The methodology for determining the Greenhouse Gas (GHG) emissions of the Ethereum network closely mirrors the approach used for energy consumption, focusing on identifying emission sources and their quantification. The initial and fundamental step involves precisely identifying the geographical locations of the network's operational nodes. This data collection is facilitated through a combination of publicly available information, as well as specialized open-source and proprietary crawlers designed to actively discover and map node distributions across the globe. Should there be an absence of specific geographic information for the nodes, the analysis intelligently defaults to utilizing "reference networks." These are carefully selected networks that exhibit comparable characteristics in terms of their incentivization structures and consensus mechanisms, providing a basis for estimating the geographic spread when direct data is unavailable. This collected geo-information is then meticulously integrated with publicly accessible data from "Our World in Data." This integration allows for the application of regional carbon intensity factors to the estimated energy consumption, thereby enabling the calculation of associated GHG emissions. The overall GHG intensity is quantified as the marginal emission generated per additional transaction processed on the network, offering a metric for the environmental impact of increased network activity. For detailed information and original data regarding the carbon intensity of electricity generation, sources include Ember (2025) and the Energy Institute - Statistical Review of World Energy (2024), processed by Our World in Data, available at Carbon intensity of electricity generation – Ember and Energy Institute. This resource is licensed under CC BY 4.0.

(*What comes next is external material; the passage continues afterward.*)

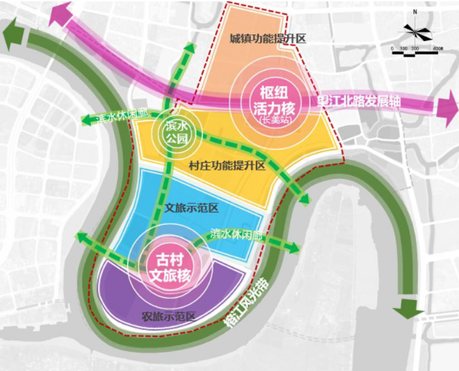 总体规划定位:依托长美城铁站建设,联动片区,定位为肇庆文旅新地标。充分挖掘肇庆古城、长美古村文化底蕴,利用榕江、水乡、古村等本底资源,打造肇庆特色文旅商业服务中心、开放共享活力街区。

Quantifying the greenhouse gas (GHG) emissions of the Solana blockchain network requires a methodology focused on carbon intensity and the geographic footprint of its decentralized nodes. Similar to the energy source analysis, the process begins by locating active nodes using a combination of public data and specialized web crawling technology. This geographic information is critical because the carbon footprint of electricity varies significantly between different jurisdictions depending on their local power generation mix. For nodes that cannot be precisely located, the analysis uses data from comparable blockchain networks to ensure the estimation remains as complete as possible. The carbon intensity of the electricity used by these nodes is derived from the Carbon intensity of electricity generation dataset, accessible via Our World in Data. This dataset, which is licensed under CC BY 4.0, provides essential metrics on the amount of CO2 equivalent emitted per kilowatt-hour of electricity produced in various countries. By merging node locations with these carbon intensity values, the network can calculate its Scope 2 emissions, which represent the indirect emissions from the generation of purchased electricity. The methodology also focuses on GHG intensity, measuring the marginal emissions generated by one additional transaction on the blockchain. This allows for a performance-based assessment of the network's environmental impact. The results are typically reported in tonnes of CO2 equivalent (tCO2e), providing a standardized metric that allows for comparison with other industries and financial systems. This data-driven approach ensures that the network’s environmental disclosures are rooted in empirical global energy statistics and verifiable infrastructure data.